Abstract
We report a case of non–small-cell lung cancer (NSCLC) to small-cell lung cancer (SCLC) transformation after epidermal growth factor receptor tyrosine kinase inhibitor (EGFR-TKI) treatment. The patient was a man who diagnosed with EGFR-mutant advanced NSCLC. After he was introduced afatinib, his tumor had been reduced by the treatment. However, plasma pro–gastrin-releasing peptide (ProGRP) became higher with disease progression, and SCLC was detected at the second biopsy. It is suggested that elevation of plasma ProGRP level before EGFR-TKI therapy is useful for predicting EGFR-mutant NSCLC to SCLC transformation.

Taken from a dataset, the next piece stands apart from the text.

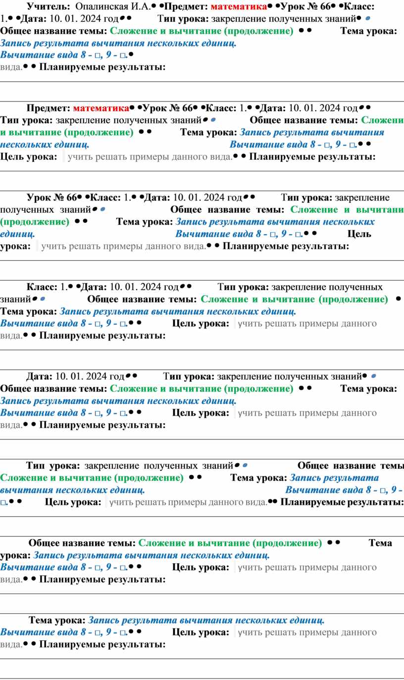 Конспект урока по математике по теме Запись результата вычитания нескольких единиц. Вычитание вида 8 - □, 9 - □.

Keywords: Lung cancer, Epidermal growth factor receptor tyrosine kinase inhibitor, Small-cell lung cancer, Pro–gastrin-releasing peptide
1. Introduction
Recently, epidermal growth factor receptor tyrosine kinase inhibitor (EGFR-TKI) has a good antitumor effect in non–small-cell lung cancer (NSCLC) patients with common epidermal growth factor receptor mutation [1]. However, in many cases, their disease acquire resistance to EGFR-TKI treatment in approximately 1 year [2]. Some resistance mechanisms were reported in previous report. The presence of T790M mutation as the secondary mutation is the most common resistance mechanism of EGFR-TKI treatment [3]. Amplification of MET, or HER2 is known as a major mechanism of resistance of EGFR-TKI treatment by bypass signaling activation [[4], [5], [6]]. Meanwhile, NSCLC to small-cell lung carcinoma (SCLC) transformation has been reported as another mechanism [[7], [8], [9]]. Here, we report that we succeeded in early prediction of NSCLC to SCLC transformation after EGFR-TKI treatment by monitoring plasma pro–gastrin-releasing peptide (ProGRP).
2. Case report
A 47-year-old male heavy smoker (30 pack-years) presented to our hospital because of hemosputum. Right hilar invasive lesion and multiple mediastinal and cervical lymphadenopathy revealed by Computed tomography (Fig. 1A). Serum carcinoembryonic antigen (CEA) level were elevated higher than the reference values (40.5 ng/mL) and mild elevation of ProGRP (103 pg/ml) were shown at the same timing [10,11]. Transbronchial lung biopsy was performed to primary lesion for diagnosis by transbronchoscopy. This biopsy sample showed tubular type of adenocarcinoma, diffusely positive for thyroid transcription factor-1 and focally positive for cytokeratin 5/6 by immunohistochemistry. On the contrary, CD56, synaptophysin, and chromogranin A which known for neuroendocrine marker were negative at biopsy sample (Fig. 2A, B, C). The biopsy sample was genotyped, and EGFR exon 19 deletion (E746_A750del) was detected by polymerase chain reaction invader method. After the patient received head MRI and FDG PET/CT, multiple brain and bone metastasis was reveled and he was diagnosed with stage IV lung adenocarcinoma (cT3N2M1b, LYM, OSS, BRA).
Fig. 1.
Chest CT of primary lesion and mediastinal lymph node findings. A: Pretreatment primary tumor. B: Primary tumor after four months from EGFR-TKI treatment started. C: Regrowth primary tumor after EGFR-TKI treatment. D: Primary tumor after two months from chemotherapy (CDDP+CPT-11) started.
Fig. 2.
Pathological findings at biopsy specimen. A: Pretreatment tumor (Hematoxylin and eosin stain) B: Pretreatment tumor (Synaptophysin) C: Pretreatment tumor (Chromogranin A) D: Rebiopsy tumor after EGFR-TKI treatment (Hematoxylin and eosin stain) E: Rebiopsy tumor after EGFR-TKI treatment (Synaptphysin) F: Rebiopsy tumor after EGFR-TKI treatment (Chromogranin A).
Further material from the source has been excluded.